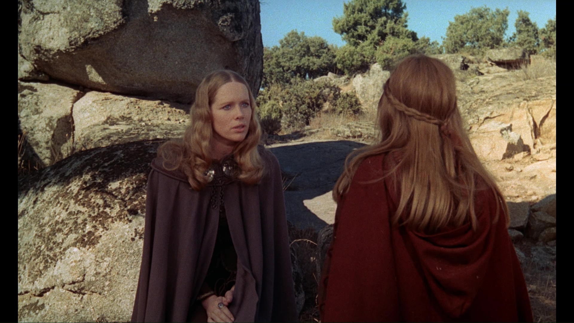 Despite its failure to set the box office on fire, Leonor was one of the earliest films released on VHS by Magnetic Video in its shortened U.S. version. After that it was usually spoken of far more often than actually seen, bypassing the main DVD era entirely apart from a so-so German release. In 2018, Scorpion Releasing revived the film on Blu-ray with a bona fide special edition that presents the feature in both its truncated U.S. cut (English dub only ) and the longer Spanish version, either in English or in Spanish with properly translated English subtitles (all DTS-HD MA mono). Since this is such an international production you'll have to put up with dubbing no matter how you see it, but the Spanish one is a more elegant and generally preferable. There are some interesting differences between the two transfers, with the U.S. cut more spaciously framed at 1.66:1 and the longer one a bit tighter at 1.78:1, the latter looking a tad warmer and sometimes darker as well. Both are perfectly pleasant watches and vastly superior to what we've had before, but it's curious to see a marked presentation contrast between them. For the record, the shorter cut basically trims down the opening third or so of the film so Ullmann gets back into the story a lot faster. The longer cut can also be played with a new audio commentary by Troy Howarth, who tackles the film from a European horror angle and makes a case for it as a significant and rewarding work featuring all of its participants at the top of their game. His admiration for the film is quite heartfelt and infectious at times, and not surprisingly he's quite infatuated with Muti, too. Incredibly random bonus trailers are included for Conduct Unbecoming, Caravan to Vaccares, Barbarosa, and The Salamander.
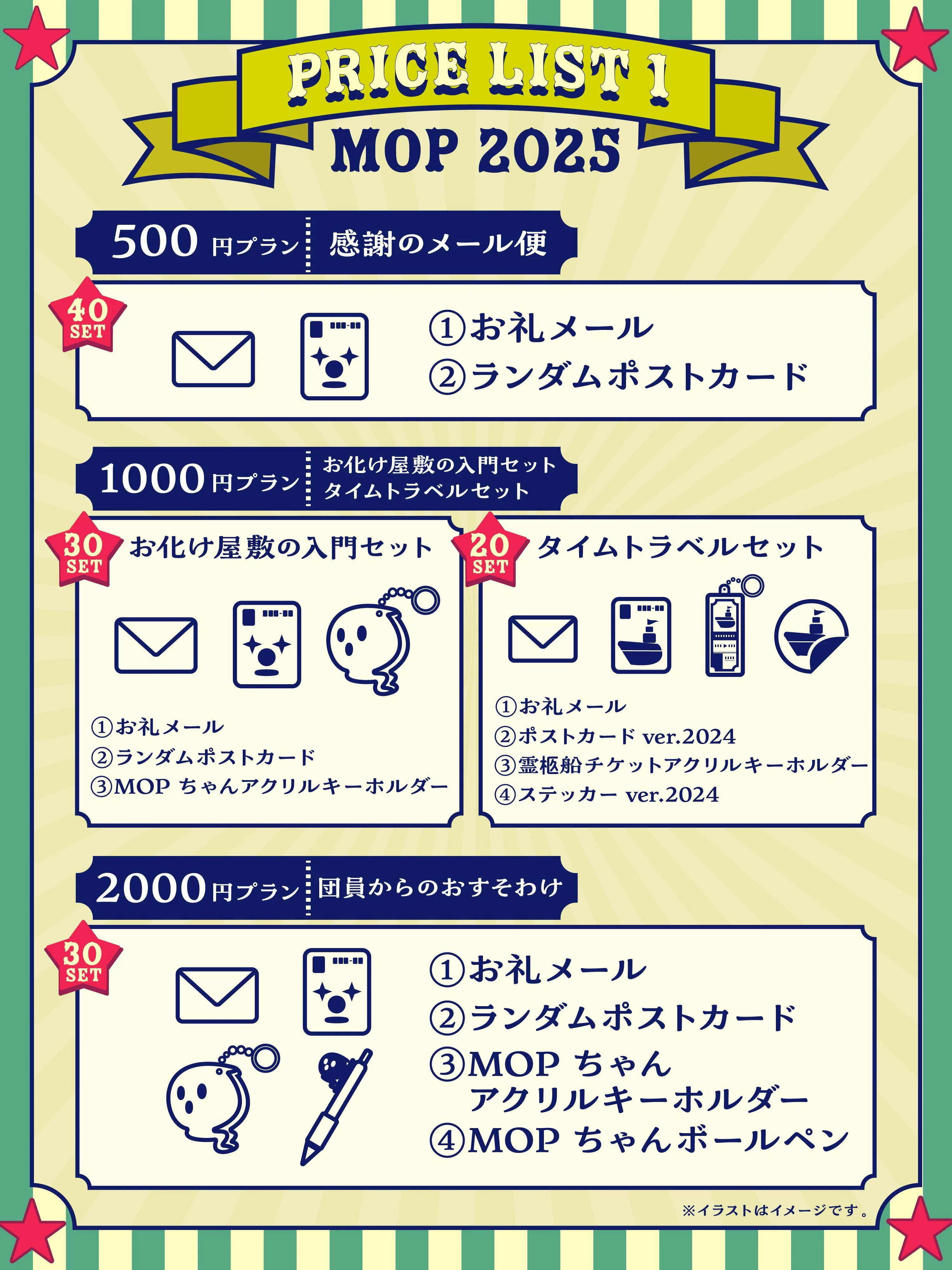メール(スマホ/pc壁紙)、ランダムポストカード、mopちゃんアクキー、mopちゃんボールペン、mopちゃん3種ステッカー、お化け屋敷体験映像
---
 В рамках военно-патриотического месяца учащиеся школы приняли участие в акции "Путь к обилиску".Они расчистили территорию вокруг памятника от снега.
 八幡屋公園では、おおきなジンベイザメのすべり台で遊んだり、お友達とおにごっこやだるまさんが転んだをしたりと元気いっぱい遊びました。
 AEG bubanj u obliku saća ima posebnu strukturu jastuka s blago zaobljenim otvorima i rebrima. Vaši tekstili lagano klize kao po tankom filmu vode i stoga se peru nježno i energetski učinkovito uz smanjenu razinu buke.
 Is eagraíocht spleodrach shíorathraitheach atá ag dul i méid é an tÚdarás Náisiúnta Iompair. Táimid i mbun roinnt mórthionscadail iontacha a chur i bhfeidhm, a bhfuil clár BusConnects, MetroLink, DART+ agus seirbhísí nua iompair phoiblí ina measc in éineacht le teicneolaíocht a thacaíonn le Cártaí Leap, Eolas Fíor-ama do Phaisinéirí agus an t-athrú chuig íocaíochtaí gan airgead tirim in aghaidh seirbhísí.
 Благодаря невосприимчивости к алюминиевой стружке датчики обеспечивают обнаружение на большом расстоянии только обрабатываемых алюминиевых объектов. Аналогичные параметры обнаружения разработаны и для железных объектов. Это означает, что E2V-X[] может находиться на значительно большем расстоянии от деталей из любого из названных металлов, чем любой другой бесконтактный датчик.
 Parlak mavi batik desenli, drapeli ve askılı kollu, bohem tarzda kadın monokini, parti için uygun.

### YOUR OBJECTIVE
Copy the lines above exactly. Start with the line containing "八幡屋公園では、おおきなジン", end with the line containing "Parlak mavi batik", and include both.

### OUTPUT OF THE TASK
 八幡屋公園では、おおきなジンベイザメのすべり台で遊んだり、お友達とおにごっこやだるまさんが転んだをしたりと元気いっぱい遊びました。
 AEG bubanj u obliku saća ima posebnu strukturu jastuka s blago zaobljenim otvorima i rebrima. Vaši tekstili lagano klize kao po tankom filmu vode i stoga se peru nježno i energetski učinkovito uz smanjenu razinu buke.
 Is eagraíocht spleodrach shíorathraitheach atá ag dul i méid é an tÚdarás Náisiúnta Iompair. Táimid i mbun roinnt mórthionscadail iontacha a chur i bhfeidhm, a bhfuil clár BusConnects, MetroLink, DART+ agus seirbhísí nua iompair phoiblí ina measc in éineacht le teicneolaíocht a thacaíonn le Cártaí Leap, Eolas Fíor-ama do Phaisinéirí agus an t-athrú chuig íocaíochtaí gan airgead tirim in aghaidh seirbhísí.
 Благодаря невосприимчивости к алюминиевой стружке датчики обеспечивают обнаружение на большом расстоянии только обрабатываемых алюминиевых объектов. Аналогичные параметры обнаружения разработаны и для железных объектов. Это означает, что E2V-X[] может находиться на значительно большем расстоянии от деталей из любого из названных металлов, чем любой другой бесконтактный датчик.
 Parlak mavi batik desenli, drapeli ve askılı kollu, bohem tarzda kadın monokini, parti için uygun.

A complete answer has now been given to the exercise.